The biggest change coming for both Standard and Dedicated BPOS customers is a refresh of services that are part of the “Wave 14″ release of products. In other words, Microsoft will be making available to BPOS cloud customers a number of the features that it is rolling out first in its on-premises products, like Exchange Server 2010 (which released to manufacturing at the end of last year), SharePoint Server 2010 (which is due to RTM in April); and Office Communications Server 2007 R2 (which RTM’d late last year) and Office Communications Server 2010, which is expected to RTM at the end of calendar 2010.

The Microsoft-hosted Exchange and SharePoint services will be updated first — in beta form in the next month or so for BPOS Standard users, and then in final form in the second half of this year. Communications Online users will get only the OC Voice technology from the on-premises OCS 2010 product in this calendar year. The rest of the OCS 2010 features will find their way into the cloud-hosted version of Communications Server in the first half of 2011, according to my source.
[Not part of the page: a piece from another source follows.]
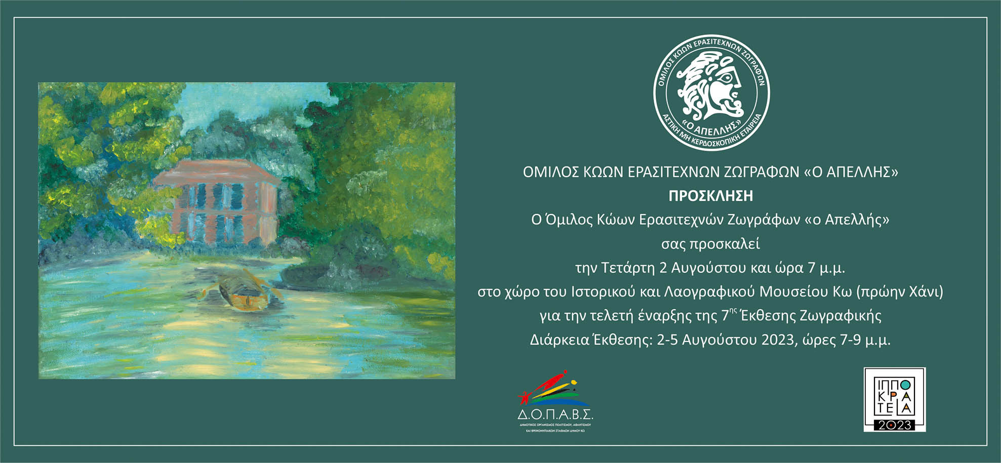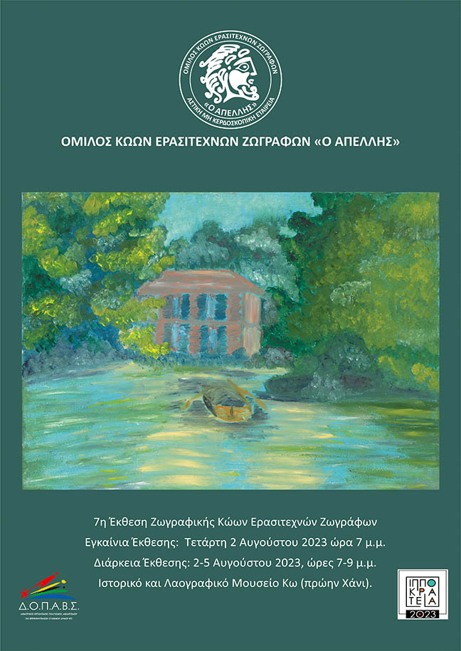 Η 7ηΈκθεση Ζωγραφικής Κώων Ερασιτεχνών Ζωγράφων διοργανώνεται από τον Όμιλο Κώων Ερασιτεχνών Ζωγράφων ΄΄Ο Απελλής΄΄ στα Θερινά Ιπποκράτεια 2023.
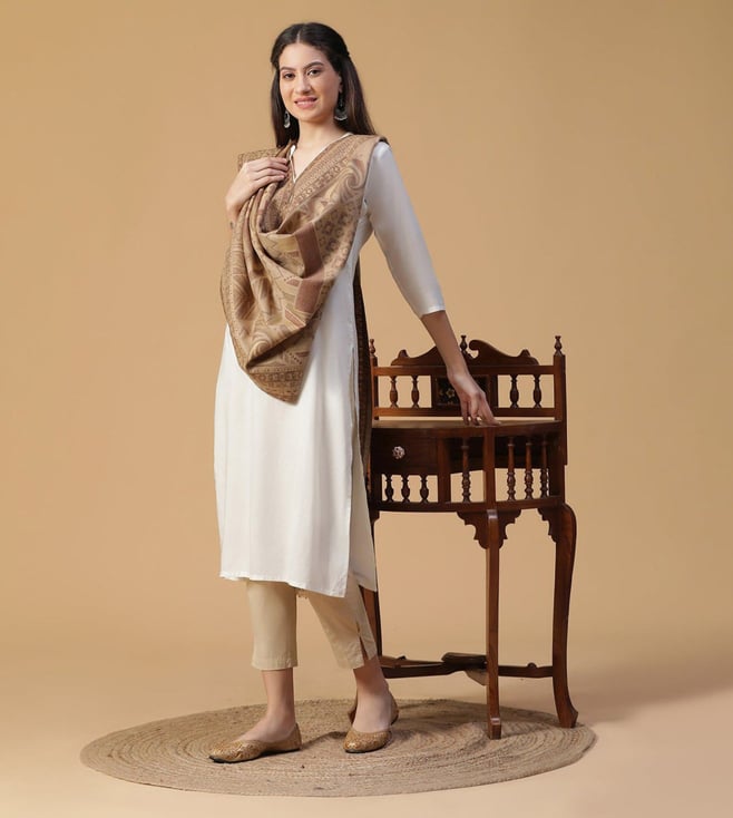 Siya Creamy Woven Design Opulence Wool Stole

What else is coming for Microsoft’s growing cadre of cloud customers in calendar 2010? There’s a “Lite” version of BPOS coming, that will be targeted at SMB customers with 25 seats or less, as I’ve reported previously. (I am hearing BPOS Lite is a second half 2010 deliverable.) My source says there’s another new SKU, known as BPOS E (Enterprise) coming, as well, that will include Enterprise Client Access License (CAL) features. I don’t know any feature specifics about either of these products.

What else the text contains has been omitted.